We use a ⁠scripting: enabled media query to hide elements only when JavaScript is enabled. This targets our elements with an attribute selector, sets the initial style, and prepares the transition:

@media (scripting: enabled) {
  [loading="lazy"] {
    opacity: 0;
    transition: opacity 0.5s;
  }
}

The JavaScript

Here, we iterate over our elements using the same attribute selector and setup an animateIn function. The complete property tells us if an image has finished loading. We need this additional check because images that are already in the browser cache won’t trigger the load event.
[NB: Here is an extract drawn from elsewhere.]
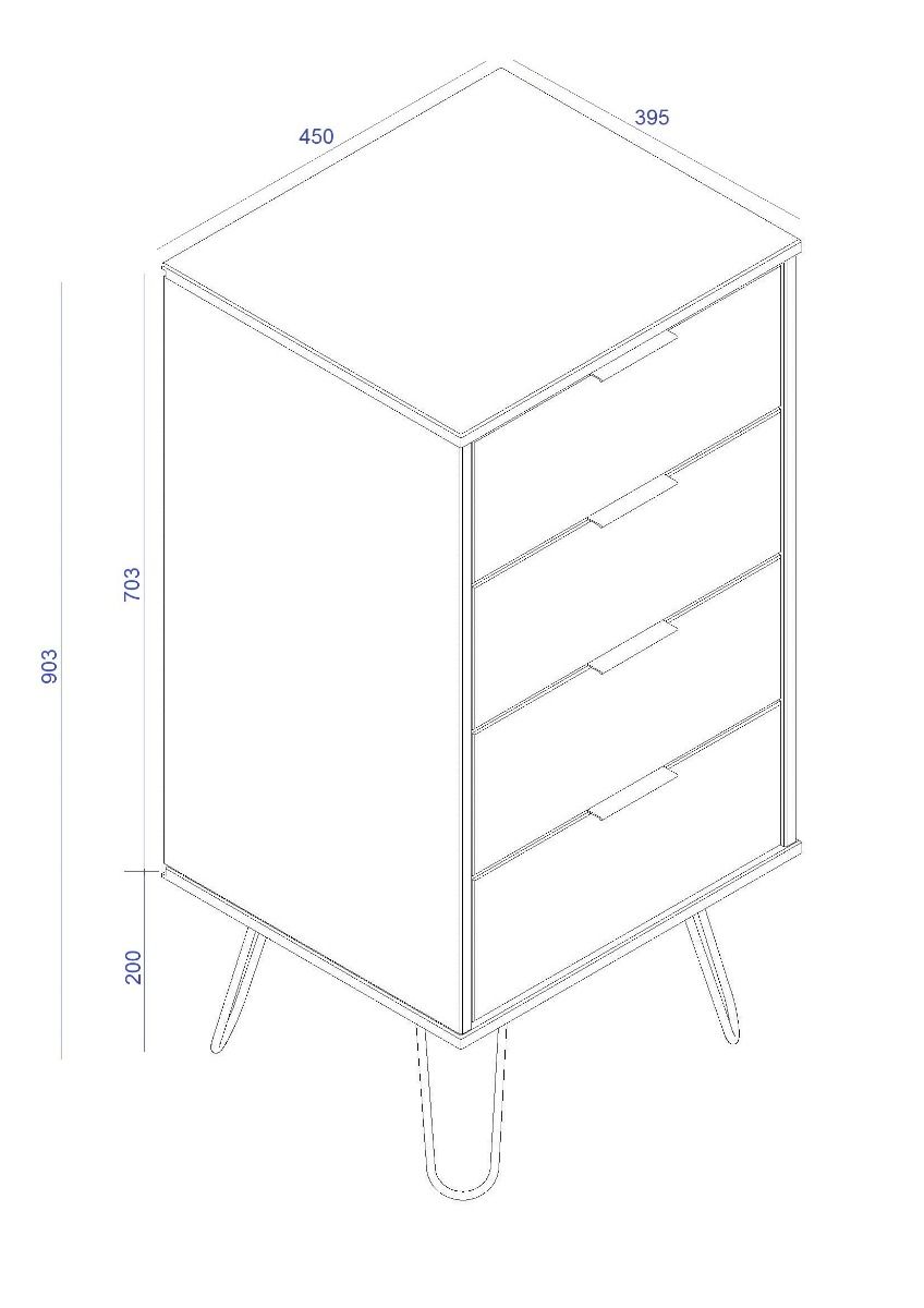 ARTA Grey Chest of Drawers - Tallboy, Small-sized, 4 Drawers

If we relied on the event listener alone, some images would stay invisible forever 😱

document.querySelectorAll('[loading="lazy"]').forEach(element => {
  const animateIn = () => {
    element.style.opacity = 1;
  };

  if (element.complete) {
    animateIn();
  } else {
    element.addEventListener('load', animateIn);
  }
});

A note by Amadeus Maximilian on Mastodon: if you’re using onload attributes instead of an external script, you can skip the complete check. Cached images will immediately fire the load event.

Why not CSS only?

While researching, I stumbled over this 14 years old Gist talking about a :loaded pseudo class. It’s unfortunately still not a thing so we have to resort to JavaScript for detecting the loaded state. I also expected @starting-style to work, but it doesn’t take into account the loading state.

More complex animations

Since we have to use JavaScript anyways, you could also handle the animation there with libraries like GSAP or Motion. Just make sure you don’t go overboard with the animation and check for prefers-reduced-motion when your animation involves movement. I’d also suggest avoiding lengthy animations that could make your site feel slow.